3. Quand l’éducation ne va pas…rien ne va.


[1] Même si il n’y a sans doute aucun secteur d’activité aussi hiérarchisé en France que le monde académique.
[2] En matière électorale par exemple, sous l’Ancien Régime, c’est la famille qui s’exprime par la voix du père. S’il est décédé, la mère exercera le droit de vote familial. Des femmes ont donc voté en France bien avant 1945. Ceci rectifié, pour ce qui concerne l’ancien royaume de France, la discrimination à l’égard des femmes y existe, comme en témoigne la loi salique (succession à la royauté). Dans l’ancienne famille romaine, à la base de notre civilisation, la succession ne passe que par les hommes. Plus encore, seul le fils aîné représente la famille à la mort du père. Les autres fils resteront infans (sans voix). Ils ne peuvent accéder à la majorité qu’en se faisant adopter, par exemple par une famille qui n’aurait pas de descendant mâle (celle de leur femme ou n’importe quelle autre) ; ou alors il leur faut fonder un nouveau foyer par subdivision de l’ancien foyer paternel, une procédure plus rare, mais qui existe néanmoins.

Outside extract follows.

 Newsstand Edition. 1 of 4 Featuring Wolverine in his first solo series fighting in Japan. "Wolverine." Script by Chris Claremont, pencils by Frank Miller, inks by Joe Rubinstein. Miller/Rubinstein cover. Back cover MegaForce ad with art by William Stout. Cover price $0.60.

[3] Les procès de sorcières ne sont pas le fait du moyen âge, mais du premier âge de l’État, XVIIème siècle. Ils sont exercés par l’Inquisition, qui n’est pas comme on le croit souvent une institution médiévale, mais le produit d’une religion qui s’est fait la servante aînée de l’État.

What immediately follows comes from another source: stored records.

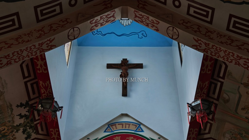 特別是聖壇後方繪製的最後晚餐,耶穌與12門徒都已換上漢服,甚至桌上食物也是東方餐具。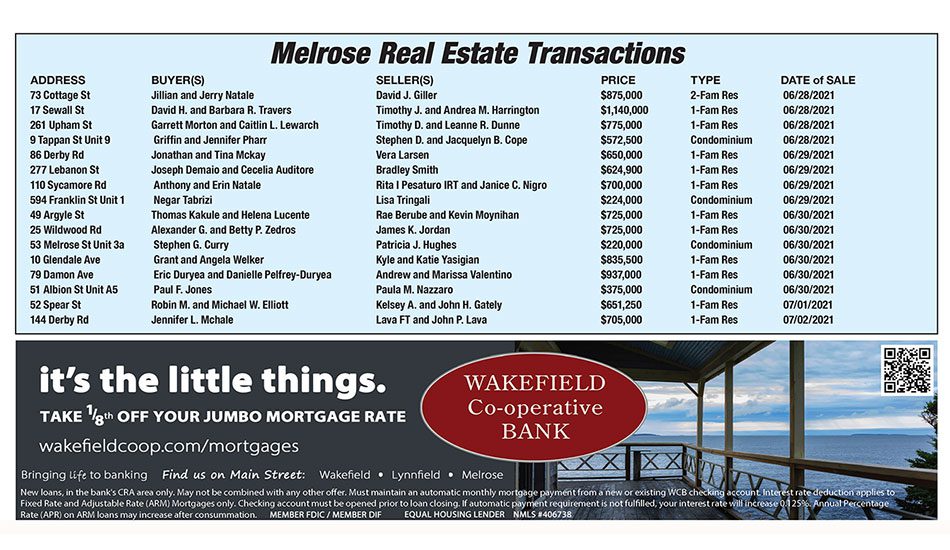 North Reading Real Estate Transactions published July 22, 2021
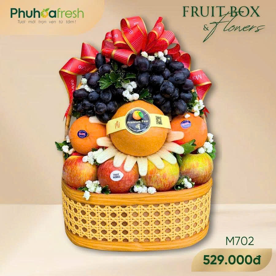 Set quà tặng gồm có: Táo Nam Phi, Nho đen Úc, Lê Trung, Quýt Trung, Giỏ mây và phụ kiện đi kèm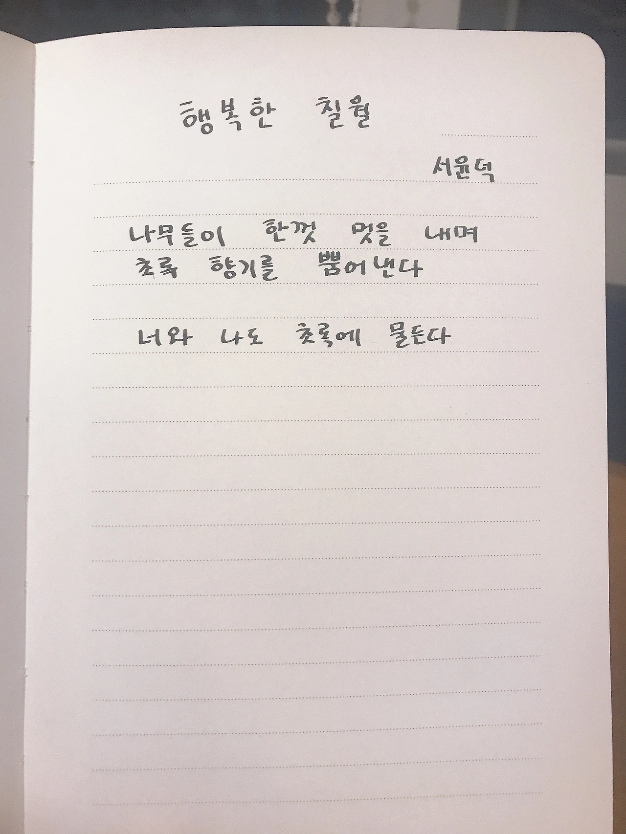 행복한 칠월서윤덕나무들이 한껏 멋을 내며초록 향기를 뿜어낸다너와 나도 초록에 물든다

[4] C’est une question ouverte aujourd’hui que de savoir si l’esprit moderne n’est pas plutôt issu des développements et débats internes aux scolastiques du XIVème siècle (Dun Scott, Ockham...) que du renversement du dogme religieux par une hypothétique « Renaissance ».
[5] Un État « fort parce qu’il promeut le désordre social », c’est bien sûr une absurdité pour les antifascistes qui ne peuvent voir la domination que comme violence, contrainte, oppression, exploitation. Vision bien passéiste de l’État, alors même que celui-ci domine aujourd’hui par la séduction, la perfidie, la corruption et fait tout pour paraître émaner de ceux qu’il réduit en esclavage (voyez le dossier La Servitude volontaire dans les lettres fantasques n°14, mars 2012).
[6] Les « Indignés » en sont un fort bel exemple.
[7] Nous ne sommes pas « en rupture » avec nos enfants parce qu’ils se révolteraient contre nos habitudes ou nos exigences, mais parce qu’ils vivent une vie simplement « autre », sans commune mesure avec la nôtre… et en plus souvent cela ne les empêche pas d’être « gentils », en fonction de quoi la rupture est encore plus amère.
[8] Il est tout à fait exact de dire, comme le relève un commentaire à mon article, que sans l’action des instituteurs de 1880 à 1914, il eût été impossible de mener les populations à l’immonde boucherie de 1914, encore célébrée de nos jours par tous nos édiles comme une grande guerre patriotique. Le rôle des instituteurs a été central dans tous les aspects du développement de la République, y compris les pires. Je crains le centenaire d’août 14, et notamment son impact sur l’éducation.
[9] Latin de poubelle, mais réalité vivante : l’être humain est de plus en plus ramené au technicien, et la technique au respect de protocoles.